There are multiple fake “update your browser” campaigns active right now that are aiming to trick people into installing all kinds of malware on their devices.

A new report from Proofpoint observed at least four different campaigns, delivering different malicious software to the victims. The first thing these groups do is compromise legitimate websites in one of a number of ways, from brute-forcing their way in to leveraging vulnerabilities in different modules of the websites. 

Once they gain access, they modify the site to display a popup that impersonates Google, Mozilla, Microsoft, or other companies with their own browser (depending on what the user is running at the time of the visit). The popup informs the user that their browser is outdated, and if they want to view the content of the site, they need to download and install an update.

Infostealers and other malware

How people end up on these sites is anyone’s guess. Some must be frequent visitors, but others might get a link through an email or a social media message, or could even stumble upon the sites through SEO poisoning or malicious ad campaigns. 

In any case, if they download and run the “update”, they will infect their endpoint with one of these malware (at least in this latest instance): SocGholish, NETSupport RAT, Lumma, Redline, or Raccoon v2. All of these are capable of extracting sensitive information from the victim, which can later be used for either stage-two attacks, or identity theft. 

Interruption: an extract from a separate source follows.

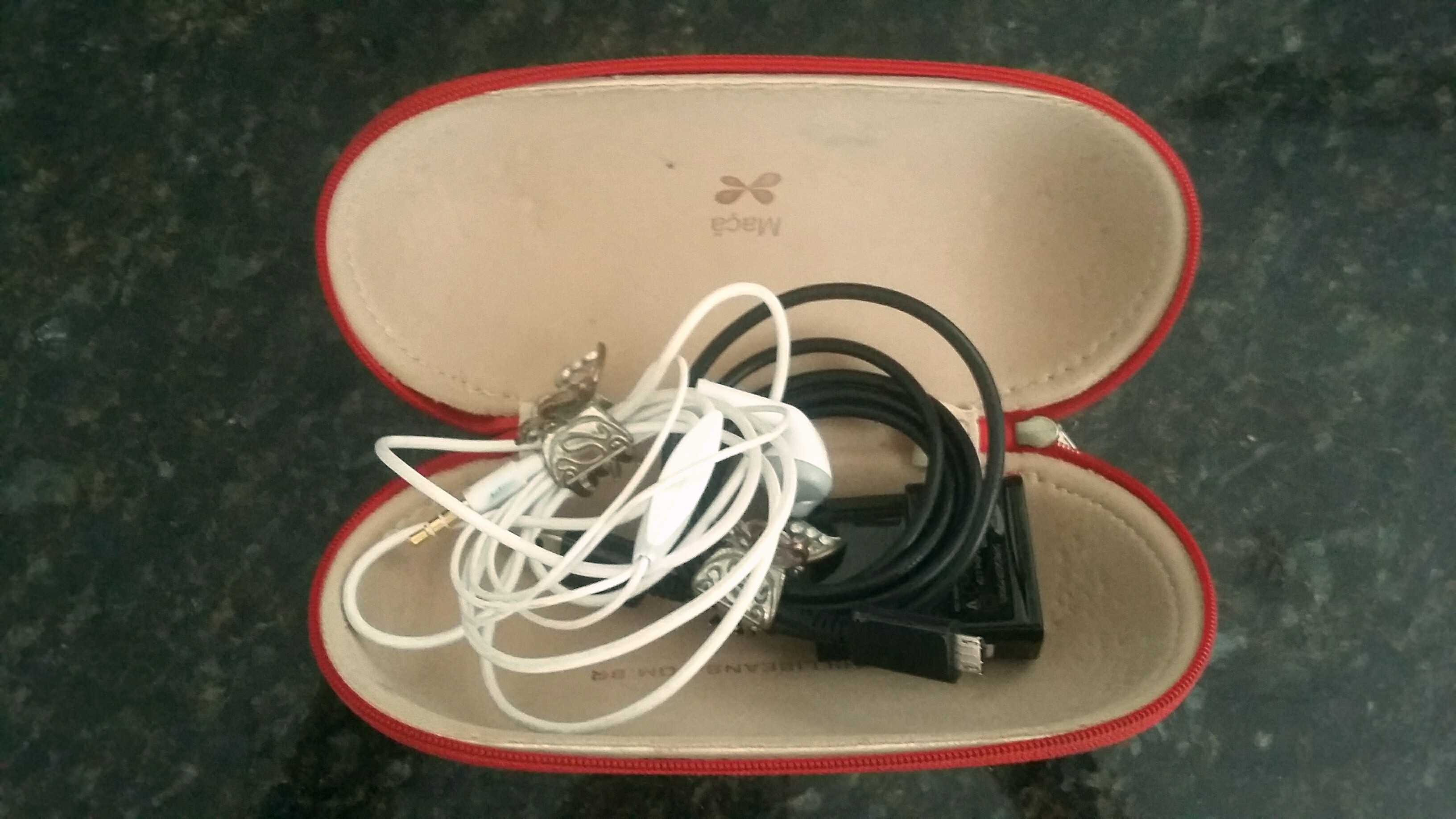 A segunda dica é continuação da primeira. De nada adianta segurar os fios com as piranhas e deixá-los todos soltos perdido dentro da bolsa. Junte tudo que você precisa de carregar de fio atrás de você o dia inteiro e guarde em um só lugar: capinha de óculos. É claro que você também pode usar uma necessaire ou comprar uma bolsinha só para isso, mas a capa de óculo tem o formato ideal e atende muito bem nesse caso. Sem contar que sempre temos um capinha sobrando em casa de um óculos que nem existe mais. E se você não tiver, é muito barato e vale a pena. Pode apostar!

The best way to protect against these kinds of attacks is to use common sense. None of the biggest browser makers request their users to update their browsers in order to view the content, and even if they do want them to update – they wouldn’t do it through a pop-up window. Most browsers are automatically updated in the background, without user interaction.

More from TechRadar Pro

Services MarketplaceListings, Bookings & Reviews

Entertainment blogs & Forums

Advantages of overseas domestic helper.